Only the text of the records belongs in the answer, copied exactly, with every picture omitted.

+ + + +

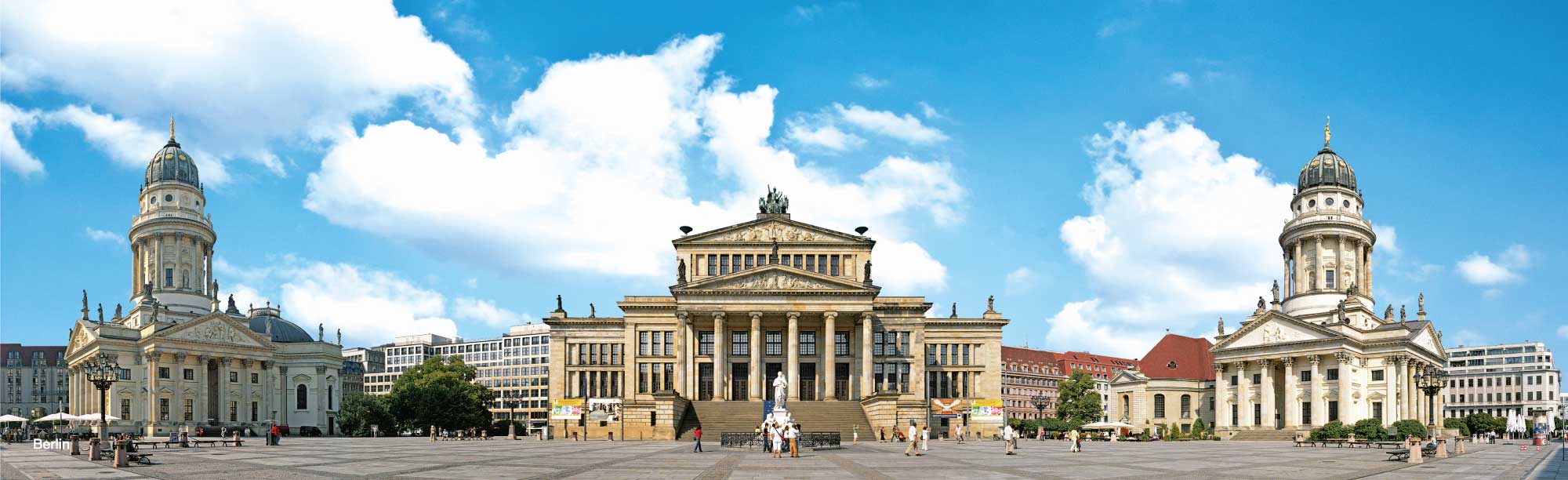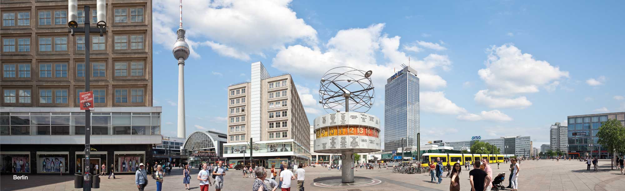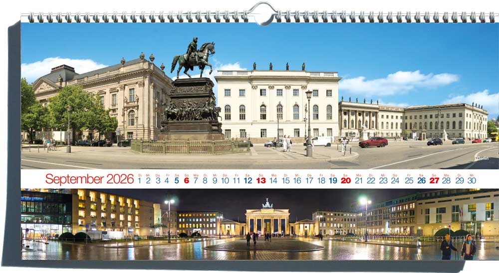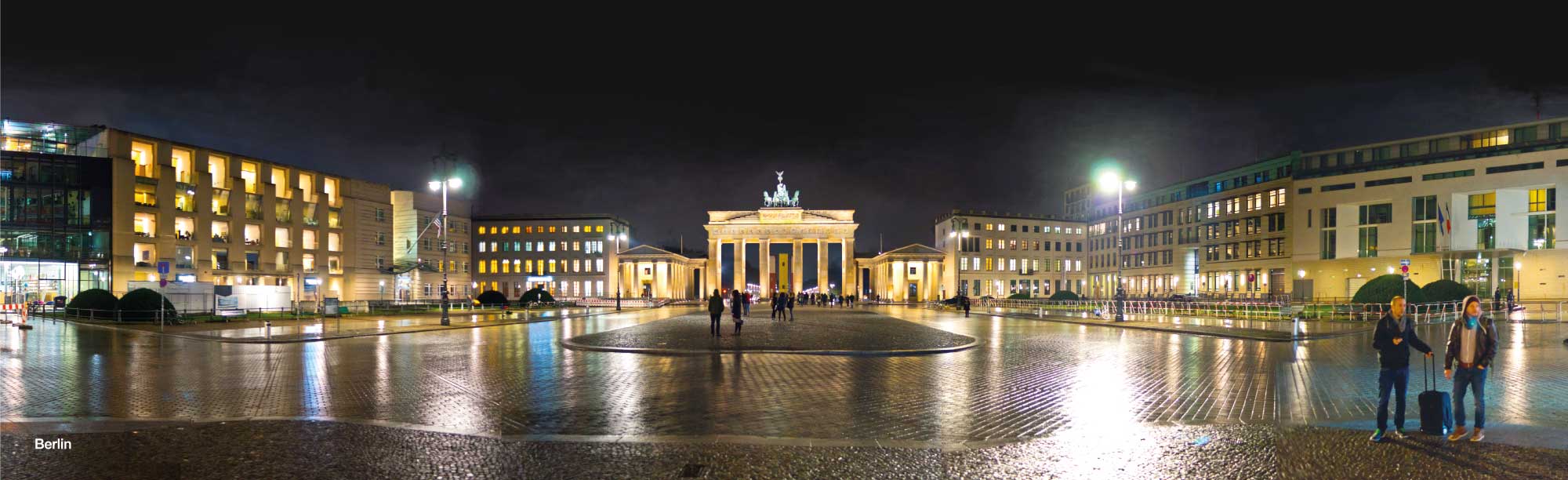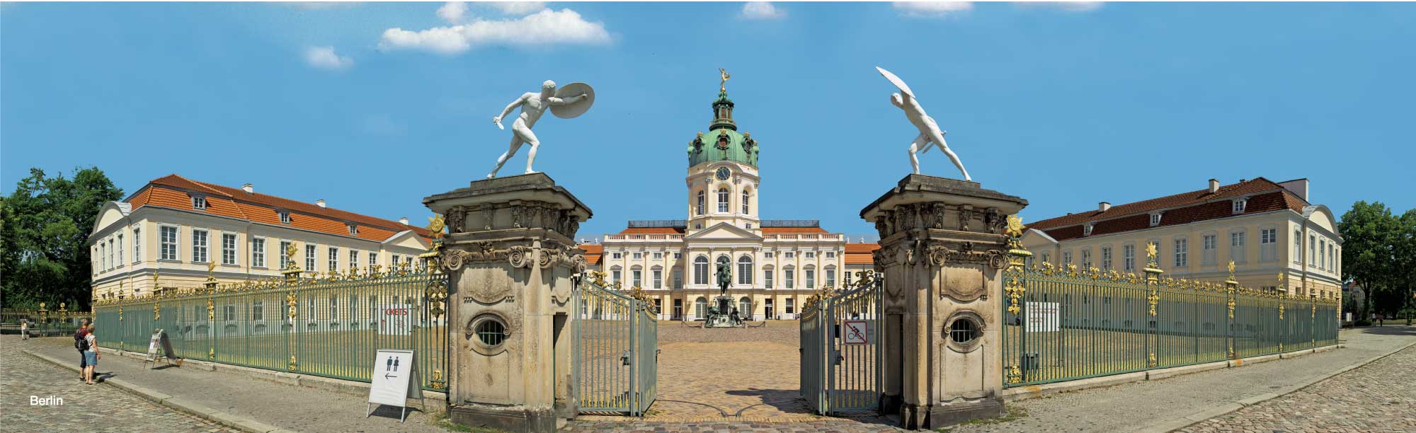 Das Berliner Schloss gilt als ein Hauptwerk des norddeutschen Barocks. Es war ein zentrales und eines der größten Bauwerke Berlins. Als Fluchtpunkt mehrerer Blick- und Straßenachsen prägt es mit seinen Fassaden und seinen Ausmaßen das Stadtbild. Das Panoramafoto von dem wiederaufgebauten Schloss und dem Berliner Dom daneben zeigt den Zusammenhang der baulichen Ensembles. Weitere Panoramen zeigen das Brandenburger Tor, den Alexanderplatz, Schloss Charlottenburg, den Gendarmenmarkt und viele weitere Motive.
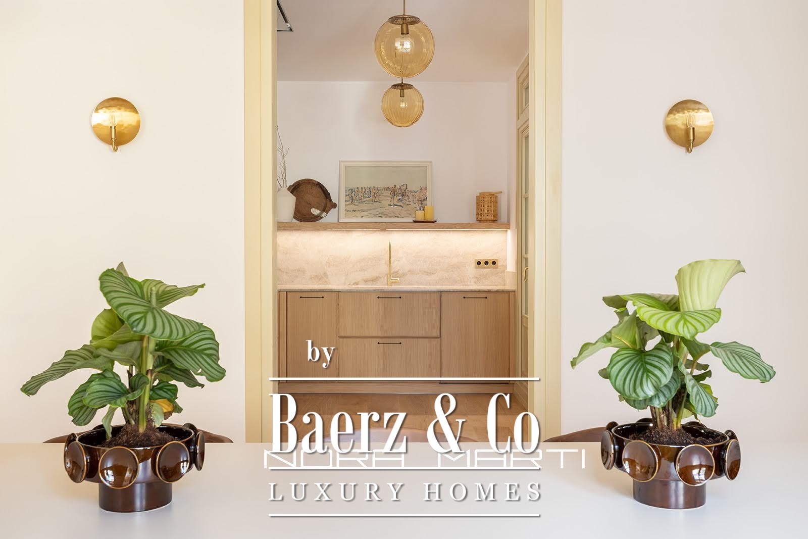 Each of the three exterior bedrooms features double beds, bespoke wardrobes, and en-suite bathrooms finished with aged brass fixtures from a notable Catalan maker. Decorative lighting from Catalonia and England, including vintage and antique pieces, enriches the ambiance. The inviting green terrace offers rare tranquility in Passeig de Sant Joan, presenting opportunities for relaxation, entertaining, and a distinct sense of space in central Barcelona. This luxury apartment for sale in Passeig de Sant Joan combines timeless materials and contemporary comfort in an exceptional urban address.
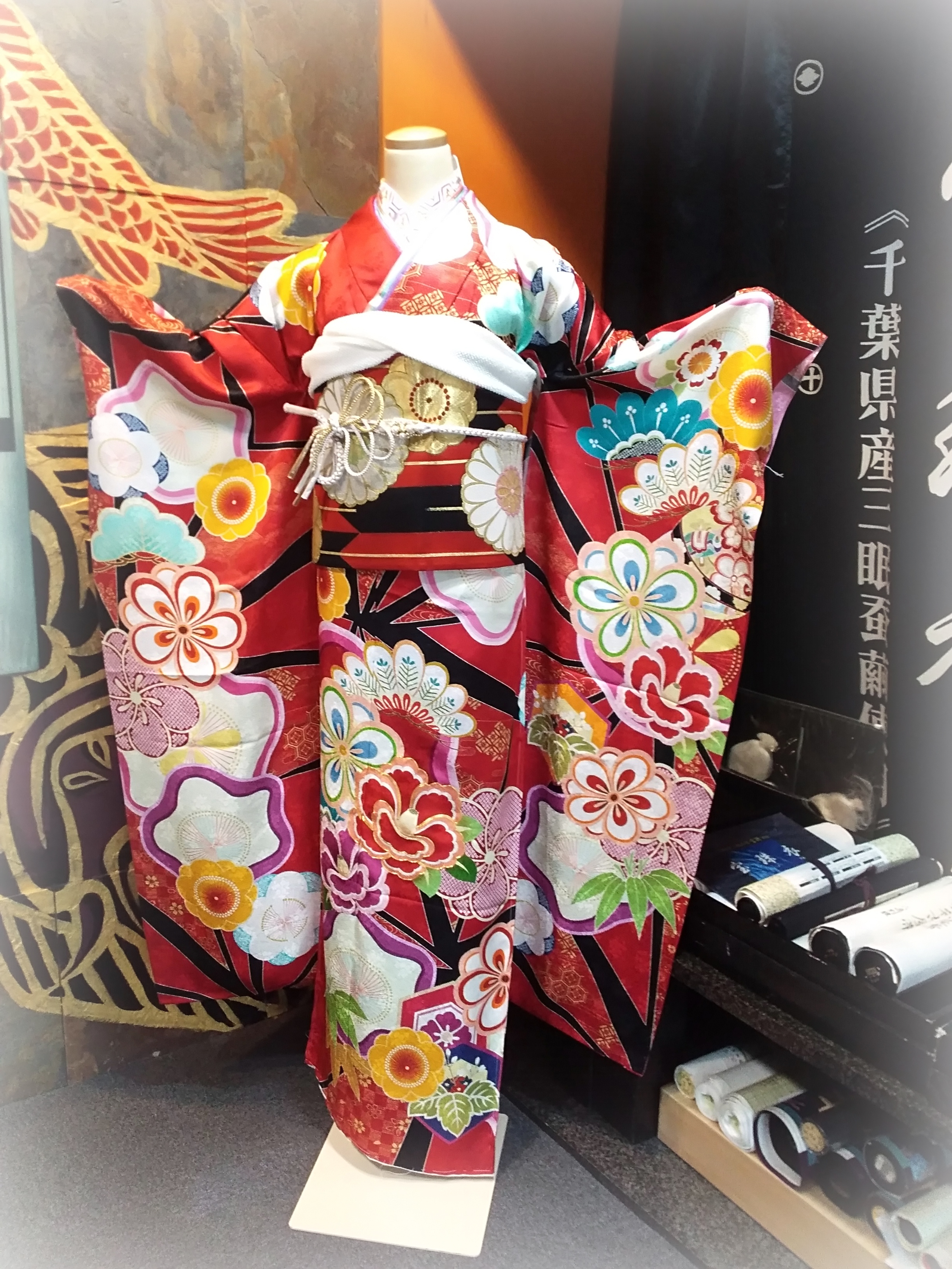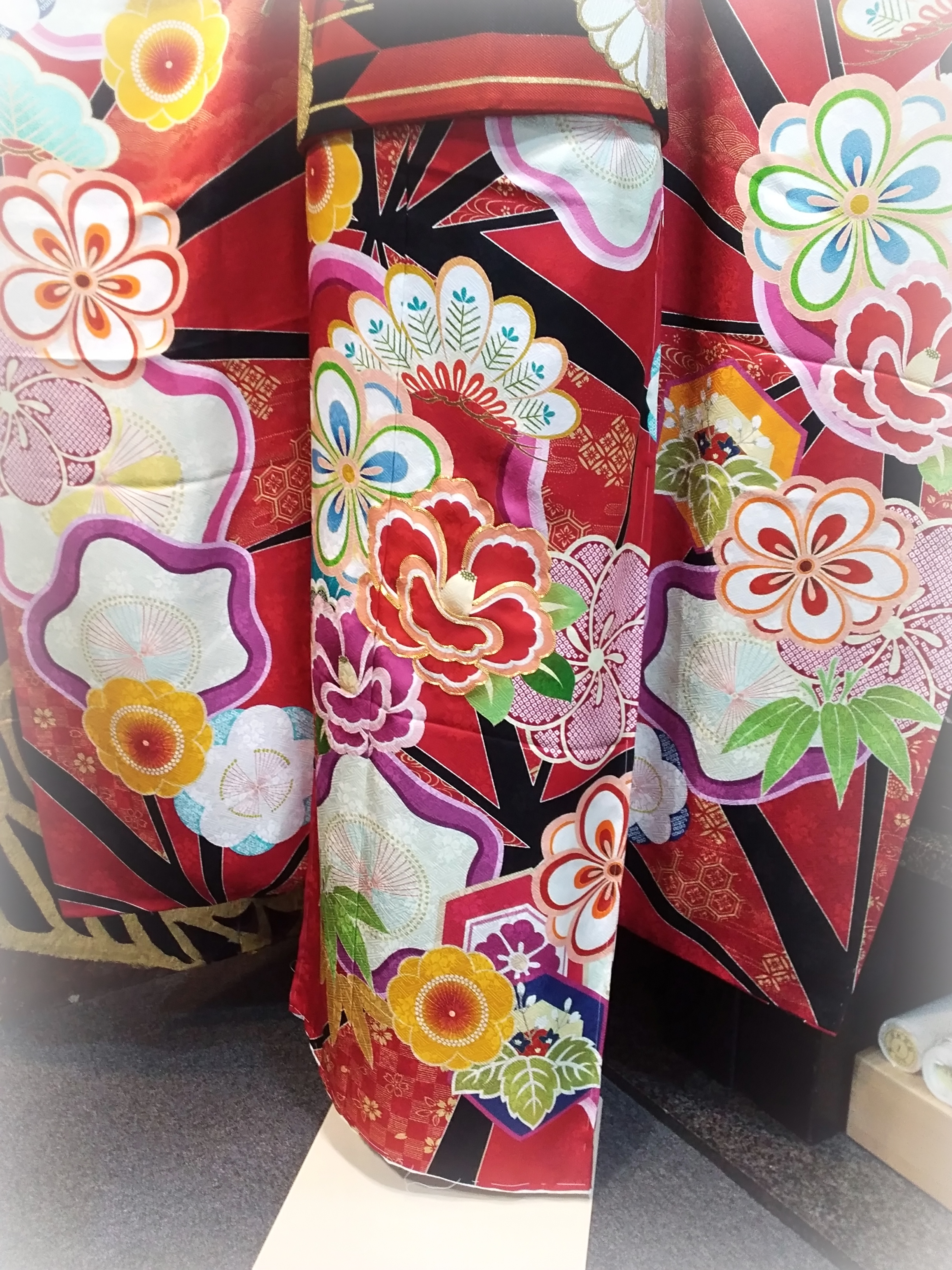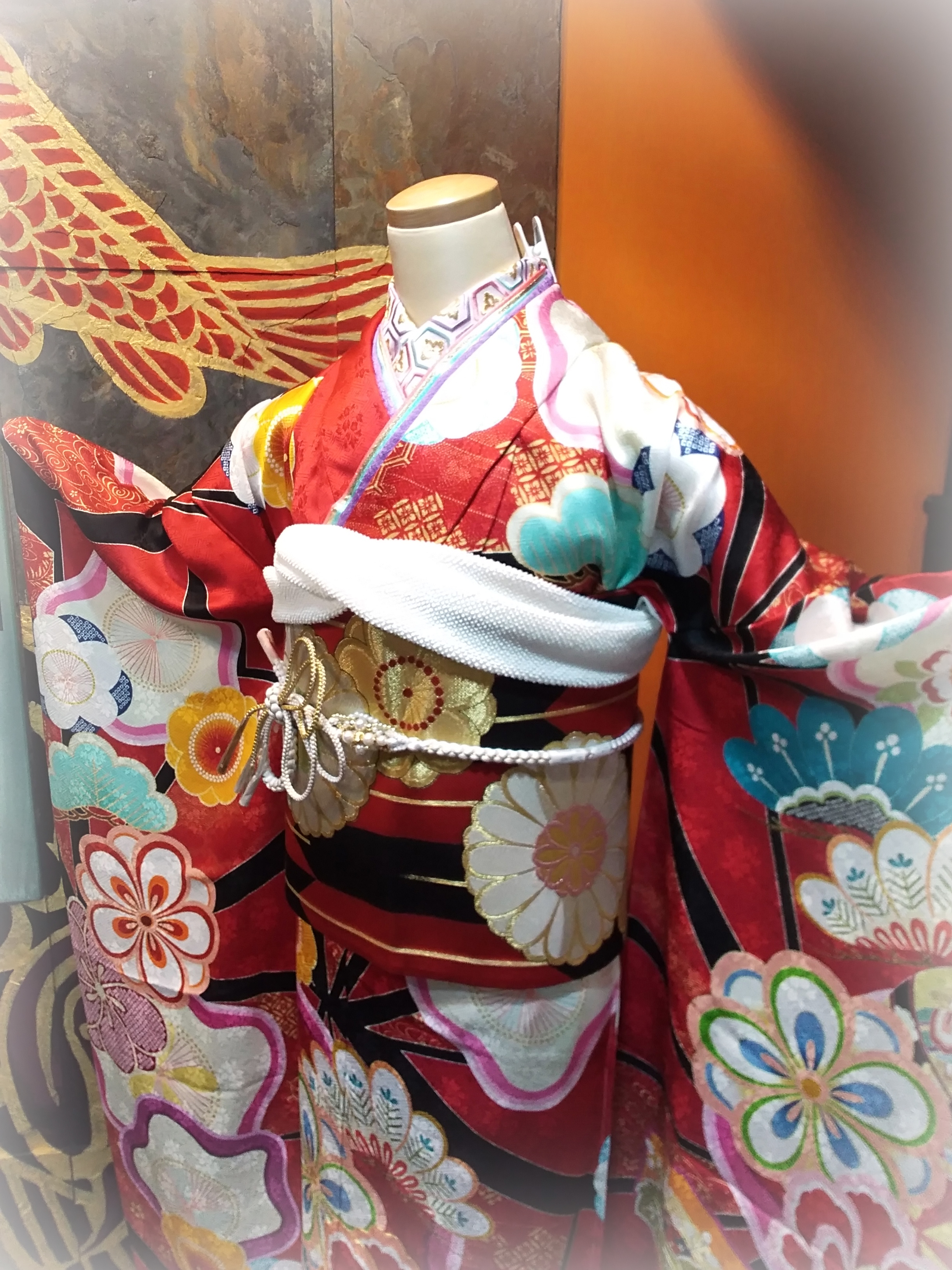 大柄の赤色の振袖、帯がとーっても個性的で可愛いですね。
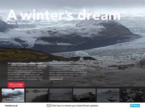 Dream is Hondas quarterly magazine, but its not just a magazine about cars, or bikes, or even lawnmowers for that matter. Dream reflects Hondas unique vision through features, stories and profiles around technology, environment, heritage and culture. Dream encourages readers to embrace Hondas inspiring philosophy that when you dream, anythings possible...
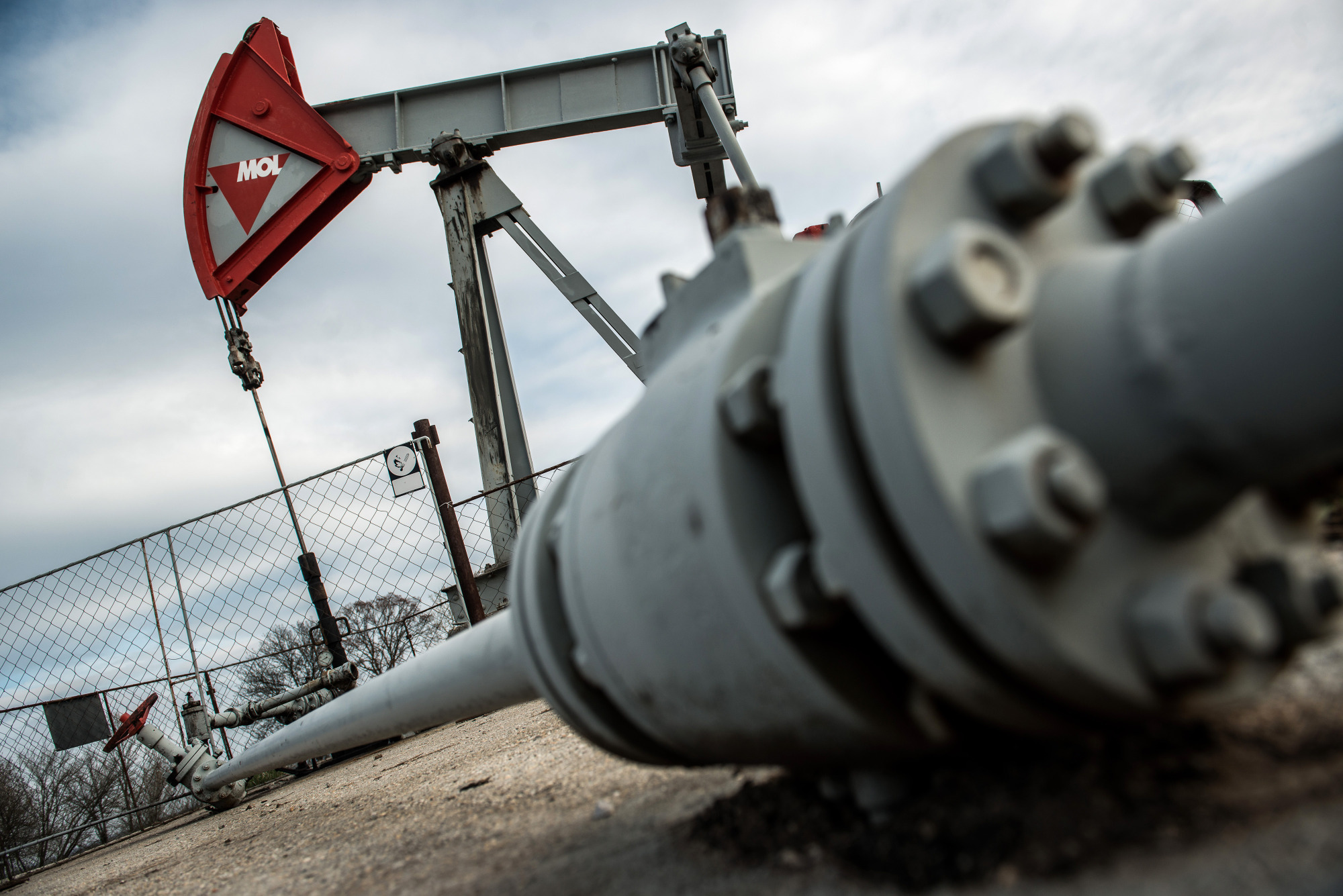 在MOL匈牙利石油和天然气公司的油泵站,抽油机正在工作。摄影师:Akos Stiller/Bloomberg
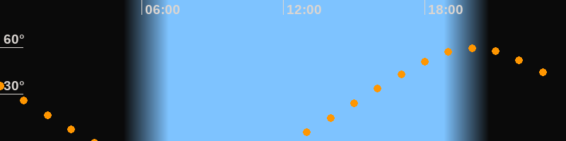 | Aufgang | 12:13 Uhr im Nordosten (αAz = 56°) |
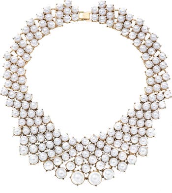 An elegant cluster of cabochon glass pearls create a stunning collar neckalce.
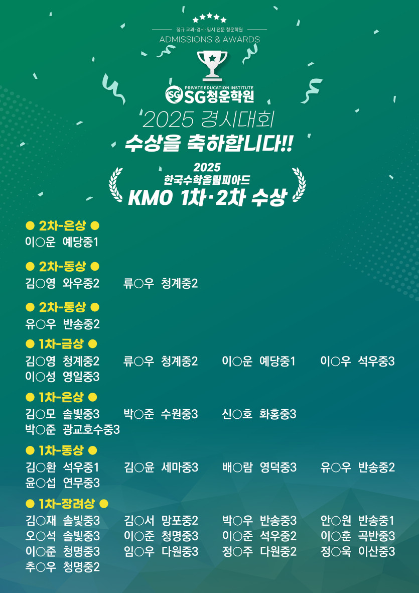 목록 2025 KMO 1차·2차 수상을 축합합니다. 페이지 정보 SG청운학원 2026-01-02 104 회 0 건 본문 이전글2025 2학기 기말 내신 만점을 축하합니다. 다음글2026학년 서울대학교 수시 합격을 축하합니다.
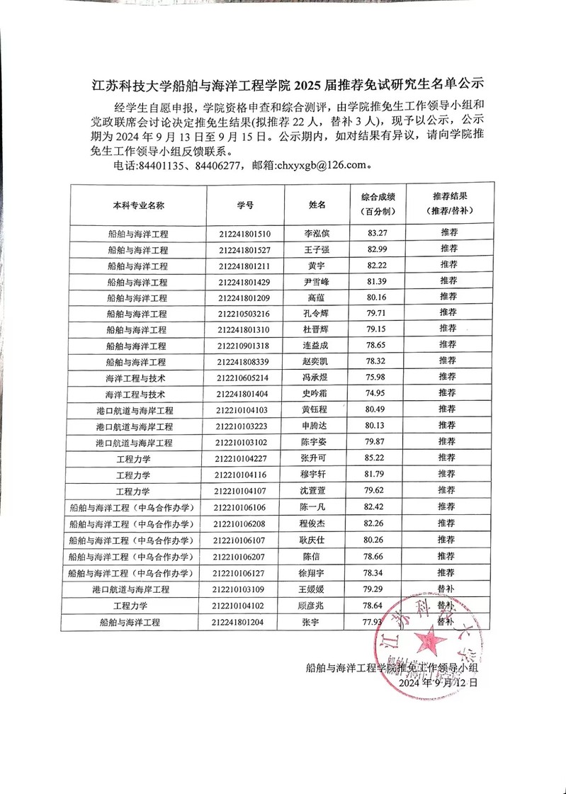经员工自愿申报,公司资格申查和综合测评,由公司推免生工作领导小组和党政联席会讨论决定推免生结果(拟推荐22人,替补3人),现予以公示,公示期为2024年9月13日至9月15日。公示期内,如对结果有异议,请向公司推免生工作领导小组反馈联系。

+ + + +

-- Reply --
 Das Berliner Schloss gilt als ein Hauptwerk des norddeutschen Barocks. Es war ein zentrales und eines der größten Bauwerke Berlins. Als Fluchtpunkt mehrerer Blick- und Straßenachsen prägt es mit seinen Fassaden und seinen Ausmaßen das Stadtbild. Das Panoramafoto von dem wiederaufgebauten Schloss und dem Berliner Dom daneben zeigt den Zusammenhang der baulichen Ensembles. Weitere Panoramen zeigen das Brandenburger Tor, den Alexanderplatz, Schloss Charlottenburg, den Gendarmenmarkt und viele weitere Motive.
 Each of the three exterior bedrooms features double beds, bespoke wardrobes, and en-suite bathrooms finished with aged brass fixtures from a notable Catalan maker. Decorative lighting from Catalonia and England, including vintage and antique pieces, enriches the ambiance. The inviting green terrace offers rare tranquility in Passeig de Sant Joan, presenting opportunities for relaxation, entertaining, and a distinct sense of space in central Barcelona. This luxury apartment for sale in Passeig de Sant Joan combines timeless materials and contemporary comfort in an exceptional urban address.
 大柄の赤色の振袖、帯がとーっても個性的で可愛いですね。
 Dream is Hondas quarterly magazine, but its not just a magazine about cars, or bikes, or even lawnmowers for that matter. Dream reflects Hondas unique vision through features, stories and profiles around technology, environment, heritage and culture. Dream encourages readers to embrace Hondas inspiring philosophy that when you dream, anythings possible...
 在MOL匈牙利石油和天然气公司的油泵站,抽油机正在工作。摄影师:Akos Stiller/Bloomberg
 | Aufgang | 12:13 Uhr im Nordosten (αAz = 56°) |
 An elegant cluster of cabochon glass pearls create a stunning collar neckalce.
 목록 2025 KMO 1차·2차 수상을 축합합니다. 페이지 정보 SG청운학원 2026-01-02 104 회 0 건 본문 이전글2025 2학기 기말 내신 만점을 축하합니다. 다음글2026학년 서울대학교 수시 합격을 축하합니다.
经员工自愿申报,公司资格申查和综合测评,由公司推免生工作领导小组和党政联席会讨论决定推免生结果(拟推荐22人,替补3人),现予以公示,公示期为2024年9月13日至9月15日。公示期内,如对结果有异议,请向公司推免生工作领导小组反馈联系。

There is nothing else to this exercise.